===== Input for this task
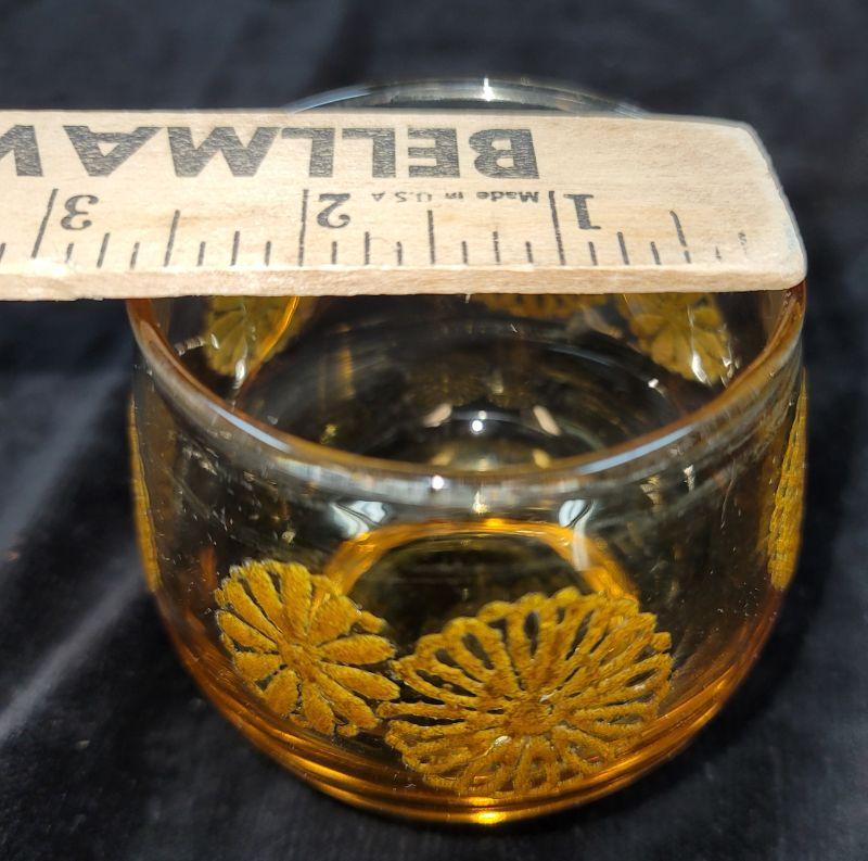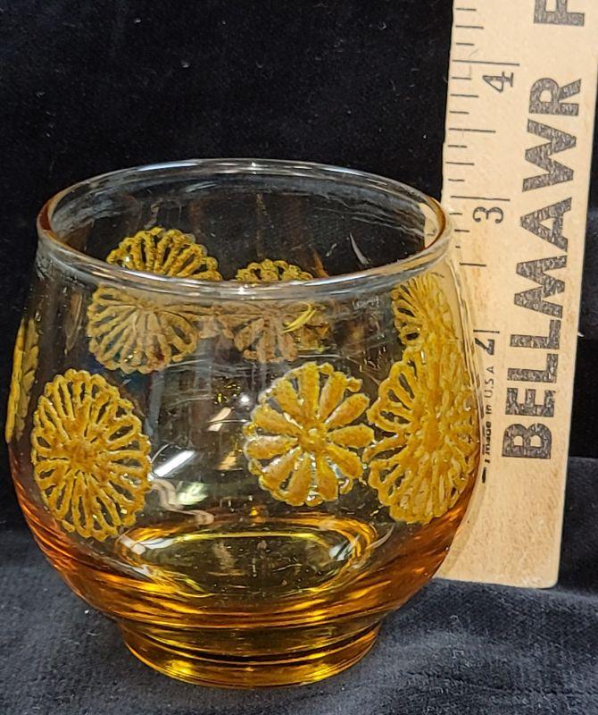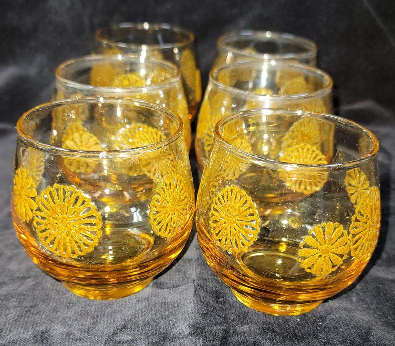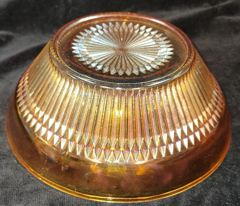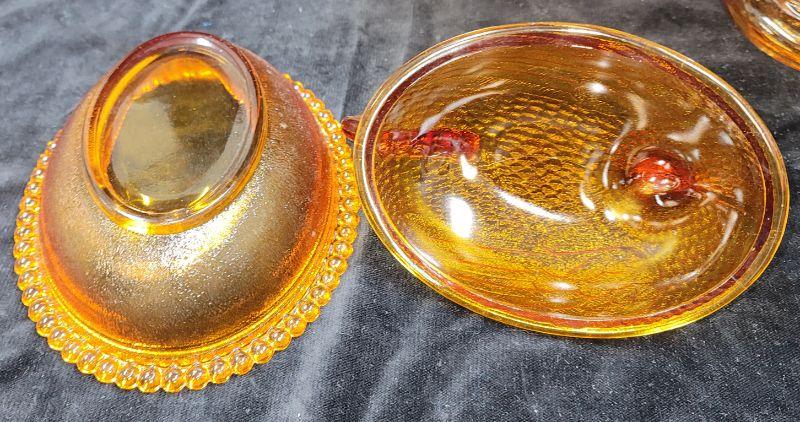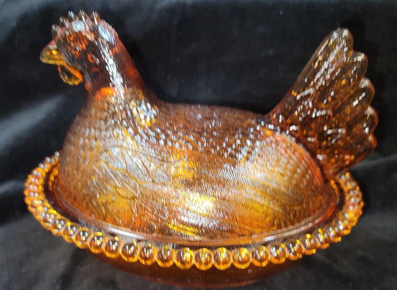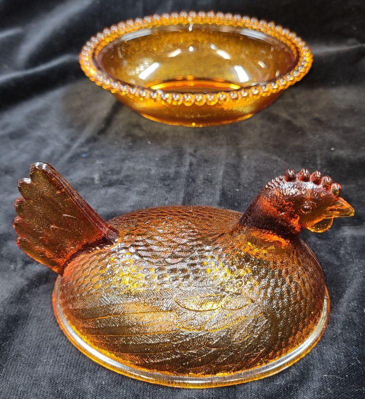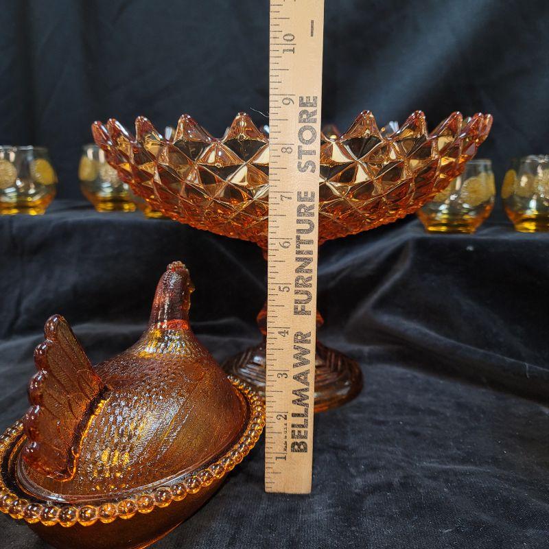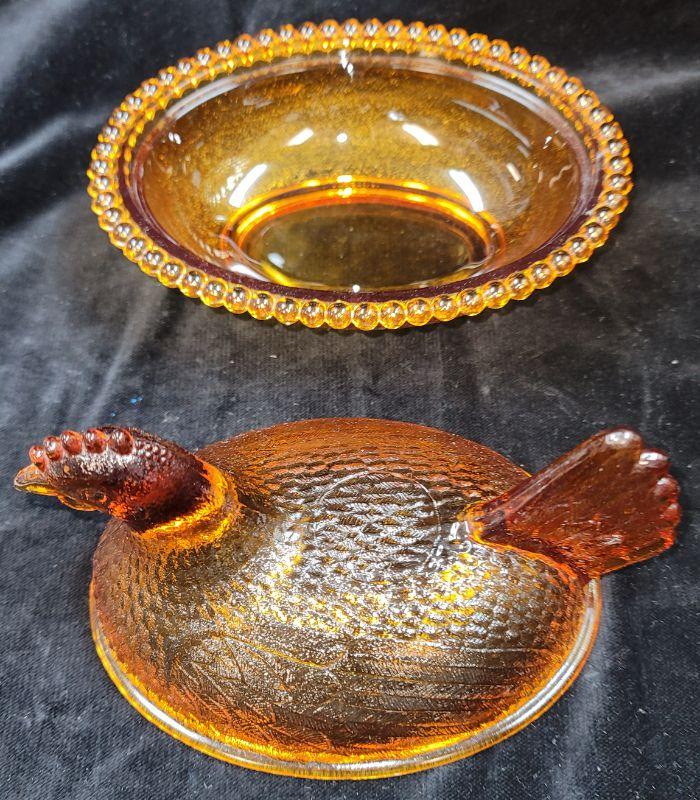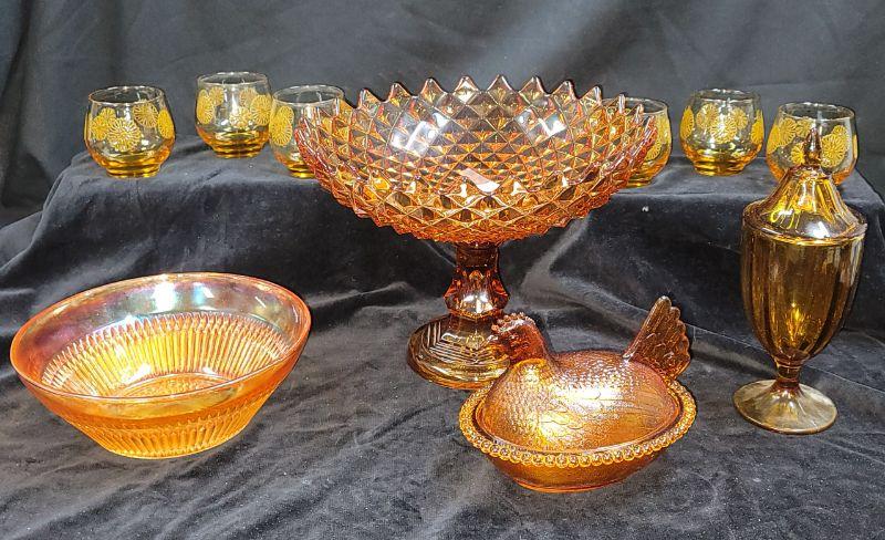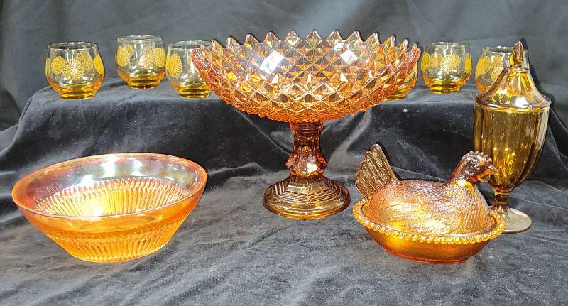 Lot also includes Carnival glass bowl, hen on nest, covered candy dish and vintage gold amber orange juice glasses with raised flowerette.
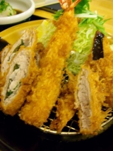 フードアナリスト協会とモニプラの企画で新宿の「とんかつ浜勝」に行ってきました西新宿ということでごちゃごちゃしていてなかなかお店が見つかりませんそんな中もしやここ?フードアナリストの企画にしては???という看板にひかれつつ階段を下りていくと新宿オフィス街のお店のような入り口が中に入るとカウンターもあり、こざっぱりとして客層も女性からサラリーマン、学生までとさまざま今回のお目当てはこれ梅しそまきとひれ膳1580円ですさっそく頼んでみると来ました写真と同じものがひれかつ、薄切り肉に紫蘇をまいたもの、エビフライ結構ボリューム満点ですまたごはんも白米、麦飯おみそ汁は白だし赤だしと選べます極めつけはキャベツ、香の物、ご飯、おみそ汁はお代わり自由これは男性に人気ですよねひれかつは柔らかく、肉まきはジューシーただちょっと量が多すぎかも2種類のソースとおろしポン酢で味を変えて何とかいただきましたここの店員さんたちは接客が気持ちよくとくにお客さんが帰った後の片付けに気配りがあり感心しました秋葉原のヨドバシカメラにもあるそうですぜひ電化製品のついでの食事に!!ランチもありましたよとんかつ浜勝日本フードアナリスト協会ファンサイト応援中 続きを見る ['close']
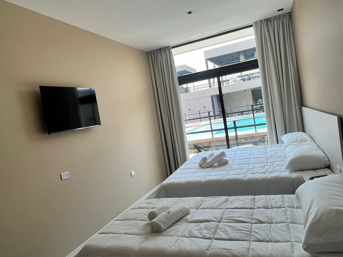 A suíte contém uma cama de casal. Possui Wi-Fi, ar-condicionado, TV smart e cofre. O banheiro privativo inclui toalhas, shampoo, condicionador, sabonete e secador de cabelo. O complexo está localizado na Avenida das Cataratas e oferece facilidades para sua conveniência. No prédio, você encontrará lavanderia self-service, casa de câmbio, agência de turismo, locação de veículos, Subway e conveniência 24 horas com caixa eletrônico para operações bancárias a qualquer momento.
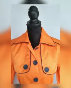 Gabardina Ligera Bien en Contraste. Gabardina ligera color CALABAZA, cuello clásico c/solapas, 2 solapas antitormenta frontal, cierre p/botonadura, 2 bolsillos frontales c/tapeta, cinturón mismo tejido p/mejor ajuste, bies en contraste tono NEGRO ÉBANO y forro interior. Talla M. Dimens cms: 39 hombro, 50 axila, 43 cintura, 59 zona baja, 79 largo, 64 largo manga. 55% algodón, 45% poliéster. P/lavado en casa.***NO ES IMPERMEABLE***
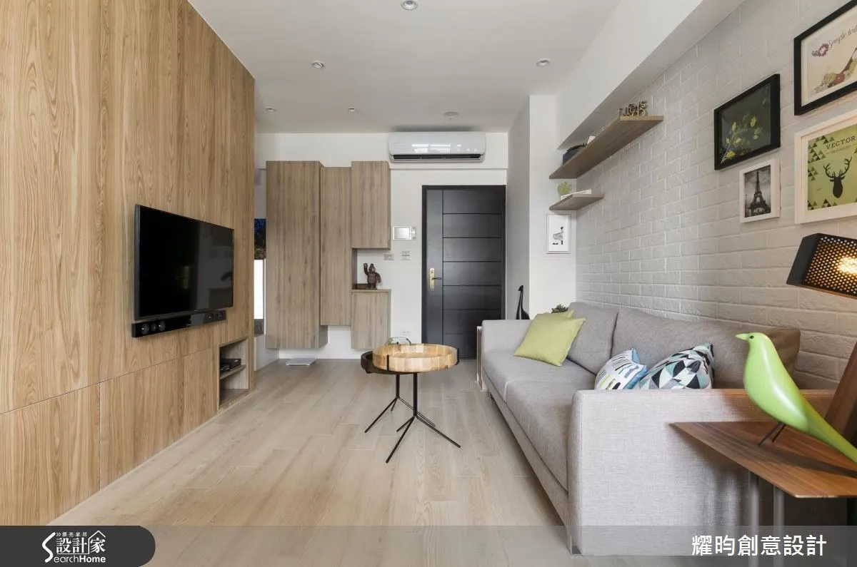 耀昀設計強調,由於屋主喜歡清爽的北歐風格,因此選擇淺色的超耐磨木地板,電視牆以貼木皮的方式平衡以白色為主的空間溫度。收納空間上,進門右手邊的設計櫃體,不僅創造出小小的設計感,實用上也同時能擺放鑰匙和鞋子,讓玄關無形中成型。儘管是兩姊妹居住時間多,但收納空間也不能馬虎,在樓梯旁有間可以充當儲藏與客房的小臥室,讓兩姊妹的雜物收得乾乾淨淨。一字型的開放式公領域,以灰色系或大地色系的家具,搭配文化石沙發背牆,讓整個空間充滿了小確幸,可以說是一間溫暖又清新的小住宅。
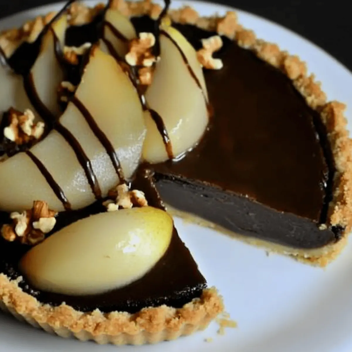As I carefully sliced into my freshly baked Dark Chocolate Pear & Walnut Tart, the warm, inviting aroma of toasted walnuts wafted through my kitchen, instantly transporting me to a cozy café on a sunlit afternoon. This elegant gluten-free dessert is the perfect way to elevate your home baking game. Picture velvety dark chocolate ganache surrounded by tender poached pears, all resting on a delightful walnut crust. It’s not just stunning to look at; this tart offers a quick prep time so you can impress guests without spending hours in the kitchen. Whether you’re celebrating a special occasion or simply treating yourself, this dessert will become a fast favorite. Are you ready to whip up something extraordinary that will have everyone asking for seconds? Why Is This Tart So Irresistible? Simplicity: The straightforward steps make this tart easy for bakers of any level, so you’ll spend less time in the kitchen and more time enjoying with loved ones. Decadent Flavor: Rich dark chocolate paired with tender poached pears creates an opulent taste that’s simply unforgettable, making it a go-to for dinner parties. Gourmet Presentation: Impress your guests with its stunning look—perfect for occasions like Valentine’s Day or celebrations. Versatile Ingredients: Swap in your favorite nuts or experiment with different fruits, making this dessert adaptable to your taste preferences. Make Ahead: Prepare this dessert in advance—just chill and serve for a delightful treat that’s always ready to go. For another delightful dessert idea, check out the Vegan Chocolate Tart, which is also easy to make and deliciously rich! Dark Chocolate Pear & Walnut Tart Ingredients For the Crust Walnut Halves – Provides a crunchy and nutty texture; toasting enhances their flavor, but pecans can be a nice substitute. All-Purpose Flour – Forms the structure of the crust; for a gluten-free option, use a gluten-free flour blend. Powdered Sugar – Sweetens the crust and gives a fine texture; you can use granulated sugar, but the texture might differ. Unsalted Butter – Adds richness and moisture; make sure it’s cold and cut into pieces for proper mixing. Kosher Salt – Balances the flavors in the crust. For the Poached Pears Bosc Pears – Offers a sweet, tender texture; Anjou pears can be used if Bosc isn’t available. Moscato Wine – Infuses pears with sweetness during poaching; any sweet white wine can effectively substitute. Vanilla Bean – Adds delightful aroma to the poaching liquid; vanilla extract is an alternative, though flavors might vary slightly. For the Ganache Dark Chocolate – Provides a rich flavor; semi-sweet chocolate serves as a great substitute. Heavy Cream – Creates a smooth, silky texture for the ganache; light cream can be used, but the richness will be less pronounced. With these ingredients, you’re on your way to creating a stunning Dark Chocolate Pear & Walnut Tart that’s sure to impress! Step‑by‑Step Instructions for Dark Chocolate Pear & Walnut Tart Step 1: Preheat the Oven Begin by preheating your oven to 350°F (175°C). This temperature ensures that your crust will bake evenly, turning golden and crisp. While the oven heats up, gather your springform pan, as it will be essential for shaping the tart. Step 2: Make the Crust Toast the walnut halves in the oven for about 5 minutes, just until fragrant. Remove them to cool, then pulse these with flour, powdered sugar, and kosher salt in a food processor until finely ground. Incorporate cold butter by pulsing until the mixture resembles coarse crumbs. Press the mixture firmly into the base and sides of your springform pan before baking for 15-20 minutes, or until lightly golden. Let cool completely. Step 3: Poach the Pears In a medium saucepan, bring Moscato wine to a gentle boil and add a split vanilla bean. Carefully place the pear halves cut-side down into the saucepan. Reduce the heat, and simmer the pears, covered, for 20-25 minutes until they become tender and fragrant. Once poached, chill the pears in the fridge to firm them up while you prepare the ganache. Step 4: Prepare the Ganache In a saucepan over medium-low heat, combine chopped dark chocolate and heavy cream. Stir gently until the chocolate melts and blends smoothly with the cream, achieving a silky texture. Make sure not to let the mixture boil, as this can disturb the consistency. Once smooth, remove it from heat and set aside to cool slightly. Step 5: Assemble the Tart Pour the warm ganache into your cooled walnut crust, smoothing the top with a spatula for an even layer. Thinly slice the poached pears and artfully arrange them on top of the ganache. Be sure to position them gently so they don’t sink. Refrigerate the assembled tart for at least an hour, allowing it to set perfectly. Step 6: Serve the Tart Before serving your delectable Dark Chocolate Pear & Walnut Tart, let it warm slightly at room temperature for about 30 minutes. This step will enhance the flavors and make slicing easier. Now, slice into this elegant dessert and share the joy of its rich taste and delightful texture with friends and family. Variations & Substitutions for Dark Chocolate Pear & Walnut Tart Feel free to get creative and customize your Dark Chocolate Pear & Walnut Tart with these delightful twists! Dairy-Free: Substitute heavy cream with coconut cream and use dairy-free dark chocolate for a plant-based treat. The flavors meld beautifully, giving you a tropical hint. Nut Variations: Swap walnuts for almond or hazelnut meal to adjust the flavor and texture. Each nut brings a unique taste, enhancing the crust in a new way. Fruit Twists: Try poached apples or roasted figs instead of pears for a different fruity profile. Each fruit adds its own sweet essence, making every bite an adventure. Spicy Kick: Add a dash of cayenne pepper to the ganache for a surprising hint of heat. The warmth works harmoniously with the sweetness of the chocolate. Alcohol-Free Poaching: F
==========
Leave nothing out but the pictures when transcribing the records.

 Lot also includes Carnival glass bowl, hen on nest, covered candy dish and vintage gold amber orange juice glasses with raised flowerette.
 フードアナリスト協会とモニプラの企画で新宿の「とんかつ浜勝」に行ってきました西新宿ということでごちゃごちゃしていてなかなかお店が見つかりませんそんな中もしやここ?フードアナリストの企画にしては???という看板にひかれつつ階段を下りていくと新宿オフィス街のお店のような入り口が中に入るとカウンターもあり、こざっぱりとして客層も女性からサラリーマン、学生までとさまざま今回のお目当てはこれ梅しそまきとひれ膳1580円ですさっそく頼んでみると来ました写真と同じものがひれかつ、薄切り肉に紫蘇をまいたもの、エビフライ結構ボリューム満点ですまたごはんも白米、麦飯おみそ汁は白だし赤だしと選べます極めつけはキャベツ、香の物、ご飯、おみそ汁はお代わり自由これは男性に人気ですよねひれかつは柔らかく、肉まきはジューシーただちょっと量が多すぎかも2種類のソースとおろしポン酢で味を変えて何とかいただきましたここの店員さんたちは接客が気持ちよくとくにお客さんが帰った後の片付けに気配りがあり感心しました秋葉原のヨドバシカメラにもあるそうですぜひ電化製品のついでの食事に!!ランチもありましたよとんかつ浜勝日本フードアナリスト協会ファンサイト応援中 続きを見る ['close']
 A suíte contém uma cama de casal. Possui Wi-Fi, ar-condicionado, TV smart e cofre. O banheiro privativo inclui toalhas, shampoo, condicionador, sabonete e secador de cabelo. O complexo está localizado na Avenida das Cataratas e oferece facilidades para sua conveniência. No prédio, você encontrará lavanderia self-service, casa de câmbio, agência de turismo, locação de veículos, Subway e conveniência 24 horas com caixa eletrônico para operações bancárias a qualquer momento.
 Gabardina Ligera Bien en Contraste. Gabardina ligera color CALABAZA, cuello clásico c/solapas, 2 solapas antitormenta frontal, cierre p/botonadura, 2 bolsillos frontales c/tapeta, cinturón mismo tejido p/mejor ajuste, bies en contraste tono NEGRO ÉBANO y forro interior. Talla M. Dimens cms: 39 hombro, 50 axila, 43 cintura, 59 zona baja, 79 largo, 64 largo manga. 55% algodón, 45% poliéster. P/lavado en casa.***NO ES IMPERMEABLE***
 耀昀設計強調,由於屋主喜歡清爽的北歐風格,因此選擇淺色的超耐磨木地板,電視牆以貼木皮的方式平衡以白色為主的空間溫度。收納空間上,進門右手邊的設計櫃體,不僅創造出小小的設計感,實用上也同時能擺放鑰匙和鞋子,讓玄關無形中成型。儘管是兩姊妹居住時間多,但收納空間也不能馬虎,在樓梯旁有間可以充當儲藏與客房的小臥室,讓兩姊妹的雜物收得乾乾淨淨。一字型的開放式公領域,以灰色系或大地色系的家具,搭配文化石沙發背牆,讓整個空間充滿了小確幸,可以說是一間溫暖又清新的小住宅。
As I carefully sliced into my freshly baked Dark Chocolate Pear & Walnut Tart, the warm, inviting aroma of toasted walnuts wafted through my kitchen, instantly transporting me to a cozy café on a sunlit afternoon. This elegant gluten-free dessert is the perfect way to elevate your home baking game. Picture velvety dark chocolate ganache surrounded by tender poached pears, all resting on a delightful walnut crust. It’s not just stunning to look at; this tart offers a quick prep time so you can impress guests without spending hours in the kitchen. Whether you’re celebrating a special occasion or simply treating yourself, this dessert will become a fast favorite. Are you ready to whip up something extraordinary that will have everyone asking for seconds? Why Is This Tart So Irresistible? Simplicity: The straightforward steps make this tart easy for bakers of any level, so you’ll spend less time in the kitchen and more time enjoying with loved ones. Decadent Flavor: Rich dark chocolate paired with tender poached pears creates an opulent taste that’s simply unforgettable, making it a go-to for dinner parties. Gourmet Presentation: Impress your guests with its stunning look—perfect for occasions like Valentine’s Day or celebrations. Versatile Ingredients: Swap in your favorite nuts or experiment with different fruits, making this dessert adaptable to your taste preferences. Make Ahead: Prepare this dessert in advance—just chill and serve for a delightful treat that’s always ready to go. For another delightful dessert idea, check out the Vegan Chocolate Tart, which is also easy to make and deliciously rich! Dark Chocolate Pear & Walnut Tart Ingredients For the Crust Walnut Halves – Provides a crunchy and nutty texture; toasting enhances their flavor, but pecans can be a nice substitute. All-Purpose Flour – Forms the structure of the crust; for a gluten-free option, use a gluten-free flour blend. Powdered Sugar – Sweetens the crust and gives a fine texture; you can use granulated sugar, but the texture might differ. Unsalted Butter – Adds richness and moisture; make sure it’s cold and cut into pieces for proper mixing. Kosher Salt – Balances the flavors in the crust. For the Poached Pears Bosc Pears – Offers a sweet, tender texture; Anjou pears can be used if Bosc isn’t available. Moscato Wine – Infuses pears with sweetness during poaching; any sweet white wine can effectively substitute. Vanilla Bean – Adds delightful aroma to the poaching liquid; vanilla extract is an alternative, though flavors might vary slightly. For the Ganache Dark Chocolate – Provides a rich flavor; semi-sweet chocolate serves as a great substitute. Heavy Cream – Creates a smooth, silky texture for the ganache; light cream can be used, but the richness will be less pronounced. With these ingredients, you’re on your way to creating a stunning Dark Chocolate Pear & Walnut Tart that’s sure to impress! Step‑by‑Step Instructions for Dark Chocolate Pear & Walnut Tart Step 1: Preheat the Oven Begin by preheating your oven to 350°F (175°C). This temperature ensures that your crust will bake evenly, turning golden and crisp. While the oven heats up, gather your springform pan, as it will be essential for shaping the tart. Step 2: Make the Crust Toast the walnut halves in the oven for about 5 minutes, just until fragrant. Remove them to cool, then pulse these with flour, powdered sugar, and kosher salt in a food processor until finely ground. Incorporate cold butter by pulsing until the mixture resembles coarse crumbs. Press the mixture firmly into the base and sides of your springform pan before baking for 15-20 minutes, or until lightly golden. Let cool completely. Step 3: Poach the Pears In a medium saucepan, bring Moscato wine to a gentle boil and add a split vanilla bean. Carefully place the pear halves cut-side down into the saucepan. Reduce the heat, and simmer the pears, covered, for 20-25 minutes until they become tender and fragrant. Once poached, chill the pears in the fridge to firm them up while you prepare the ganache. Step 4: Prepare the Ganache In a saucepan over medium-low heat, combine chopped dark chocolate and heavy cream. Stir gently until the chocolate melts and blends smoothly with the cream, achieving a silky texture. Make sure not to let the mixture boil, as this can disturb the consistency. Once smooth, remove it from heat and set aside to cool slightly. Step 5: Assemble the Tart Pour the warm ganache into your cooled walnut crust, smoothing the top with a spatula for an even layer. Thinly slice the poached pears and artfully arrange them on top of the ganache. Be sure to position them gently so they don’t sink. Refrigerate the assembled tart for at least an hour, allowing it to set perfectly. Step 6: Serve the Tart Before serving your delectable Dark Chocolate Pear & Walnut Tart, let it warm slightly at room temperature for about 30 minutes. This step will enhance the flavors and make slicing easier. Now, slice into this elegant dessert and share the joy of its rich taste and delightful texture with friends and family. Variations & Substitutions for Dark Chocolate Pear & Walnut Tart Feel free to get creative and customize your Dark Chocolate Pear & Walnut Tart with these delightful twists! Dairy-Free: Substitute heavy cream with coconut cream and use dairy-free dark chocolate for a plant-based treat. The flavors meld beautifully, giving you a tropical hint. Nut Variations: Swap walnuts for almond or hazelnut meal to adjust the flavor and texture. Each nut brings a unique taste, enhancing the crust in a new way. Fruit Twists: Try poached apples or roasted figs instead of pears for a different fruity profile. Each fruit adds its own sweet essence, making every bite an adventure. Spicy Kick: Add a dash of cayenne pepper to the ganache for a surprising hint of heat. The warmth works harmoniously with the sweetness of the chocolate. Alcohol-Free Poaching: F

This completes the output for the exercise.